Persistence and Streaming

Agents typically work on longer-term projects. Persistence and streaming are the two most critical types of jobs for these types of projects.

Persistence allows you to retain track of an agent's condition at a specific point in time. This allows us to return to that state and continue from there in the future directions. This is critical for long-term applications.

Similarly, with streaming, you can send out a set of signals indicating what is going on at that same instant. So, for long-running apps, you can see exactly what the agent is doing. We might stream individual communications. This would be the AI message determining which action to execute, as well as the observation message representing the outcome of that action. We might stream tokens. We could want to stream the output from each token of the LLM call.

A checkpointer merely checks the state after and between each node. To add persistence to this agent, we will utilize SQLiteSaver. You can also connect to an external database, such as Redis or Postgres. 

Thread configuration will be utilized to maintain track of the many tracks within the persistent checkpointer. This will allow us to hold many discussions concurrently.

from dotenv import load_dotenv

_ = load_dotenv()

from langgraph.graph import StateGraph, END
from typing import TypedDict, Annotated
import operator
from langchain_core.messages import AnyMessage, SystemMessage, HumanMessage, ToolMessage
from langchain_openai import ChatOpenAI
from langchain_community.tools.tavily_search import TavilySearchResults

tool = TavilySearchResults(max_results=2)

class AgentState(TypedDict):
messages: Annotated[list[AnyMessage], operator.add]

from langgraph.checkpoint.sqlite import SqliteSaver
memory = SqliteSaver.from_conn_string(":memory:")

class Agent:
def __init__(self, model, tools, checkpointer, system=""):
self.system = system
graph = StateGraph(AgentState)
graph.add_node("llm", self.call_openai)
graph.add_node("action", self.take_action)
graph.add_conditional_edges("llm", self.exists_action, {True: "action", False: END})
graph.add_edge("action", "llm")
graph.set_entry_point("llm")
self.graph = graph.compile(checkpointer=checkpointer)
self.tools = {t.name: t for t in tools}
self.model = model.bind_tools(tools)

def call_openai(self, state: AgentState):
messages = state['messages']
if self.system:
messages = [SystemMessage(content=self.system)] + messages
message = self.model.invoke(messages)
return {'messages': [message]}

def exists_action(self, state: AgentState):
result = state['messages'][-1]
return len(result.tool_calls) > 0

def take_action(self, state: AgentState):
tool_calls = state['messages'][-1].tool_calls
results = []
for t in tool_calls:
print(f"Calling: {t}")
result = self.tools[t['name']].invoke(t['args'])
results.append(ToolMessage(tool_call_id=t['id'], name=t['name'], content=str(result)))
print("Back to the model!")
return {'messages': results}

prompt = """You are a smart research assistant. Use the search engine to look up information. \
You are allowed to make multiple calls (either together or in sequence). \
Only look up information when you are sure of what you want. \
If you need to look up some information before asking a follow up question, you are allowed to do that!
"""

model = ChatOpenAI(model="gpt-4o")
abot = Agent(model, [tool], system=prompt, checkpointer=memory)
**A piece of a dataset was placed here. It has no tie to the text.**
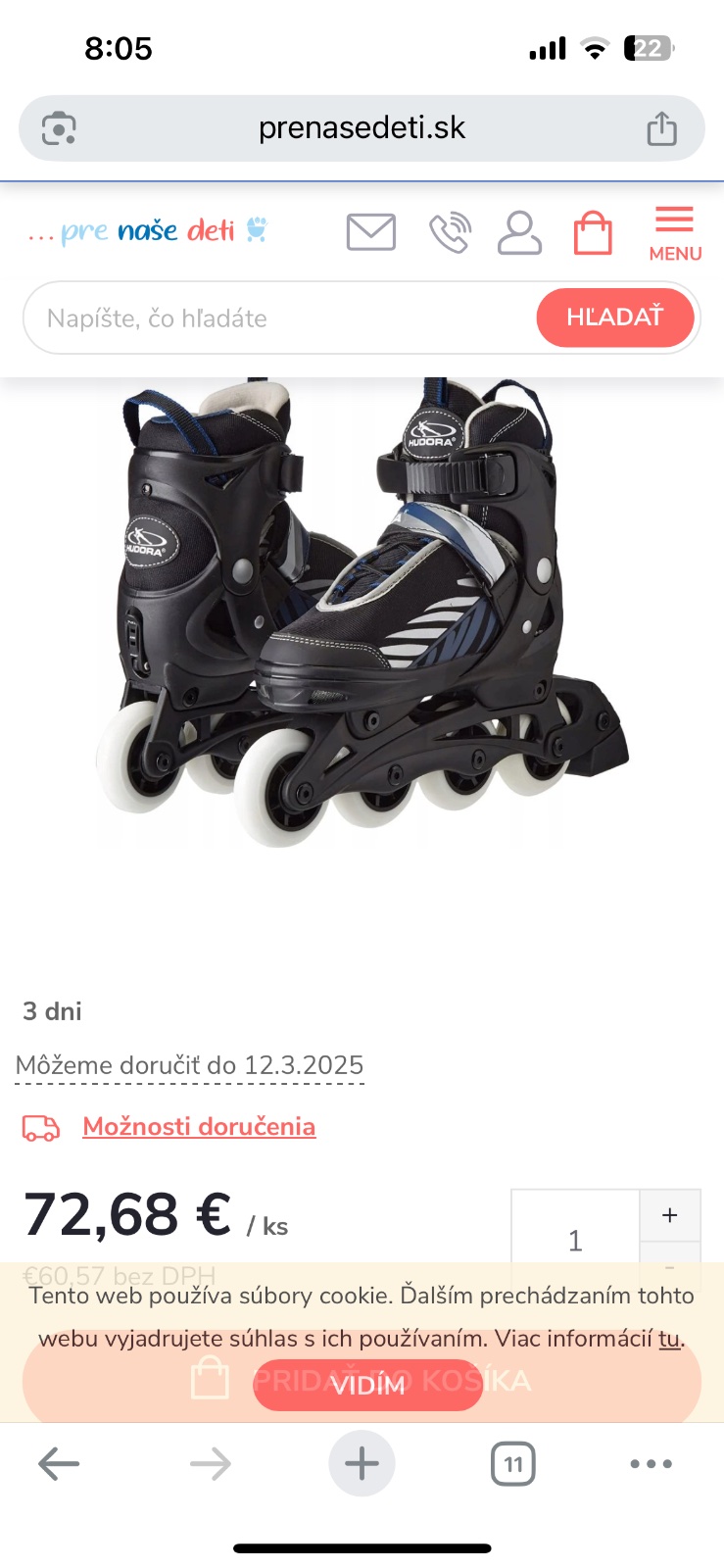 Predám pár krát obuté kolieskové korčule. Super stav ako na foto.

messages = [HumanMessage(content="What is the weather in sf?")]

thread = {"configurable": {"thread_id": "1"}}

for event in abot.graph.stream({"messages": messages}, thread):
for v in event.values():
print(v['messages'])

messages = [HumanMessage(content="What about in la?")]
thread = {"configurable": {"thread_id": "1"}}
for event in abot.graph.stream({"messages": messages}, thread):
for v in event.values():
print(v)

messages = [HumanMessage(content="Which one is warmer?")]
thread = {"configurable": {"thread_id": "1"}}
for event in abot.graph.stream({"messages": messages}, thread):
for v in event.values():
print(v)

messages = [HumanMessage(content="Which one is warmer?")]
thread = {"configurable": {"thread_id": "2"}}
for event in abot.graph.stream({"messages": messages}, thread):
for v in event.values():
print(v)

Streaming Tokens

You can also use async checkpoints and events.

from langgraph.checkpoint.aiosqlite import AsyncSqliteSaver

memory = AsyncSqliteSaver.from_conn_string(":memory:")
abot = Agent(model, [tool], system=prompt, checkpointer=memory)

messages = [HumanMessage(content="What is the weather in SF?")]
thread = {"configurable": {"thread_id": "4"}}
async for event in abot.graph.astream_events({"messages": messages}, thread, version="v1"):
kind = event["event"]
if kind == "on_chat_model_stream":
content = event["data"]["chunk"].content
if content:
# Empty content in the context of OpenAI means
# that the model is asking for a tool to be invoked.
# So we only print non-empty content
print(content, end="|")

Human in the Loop

In many circumstances, we want to retain the human in the loop to keep track of what the agent is doing. This is simple to perform with LangGraph.

When you call get_state() or get_state_history(), more state information is kept in memory and shown.

The state is now stored at every state transition, as opposed to only at an interrupt or at the end. These alter the command output significantly but are a useful addition to the information available.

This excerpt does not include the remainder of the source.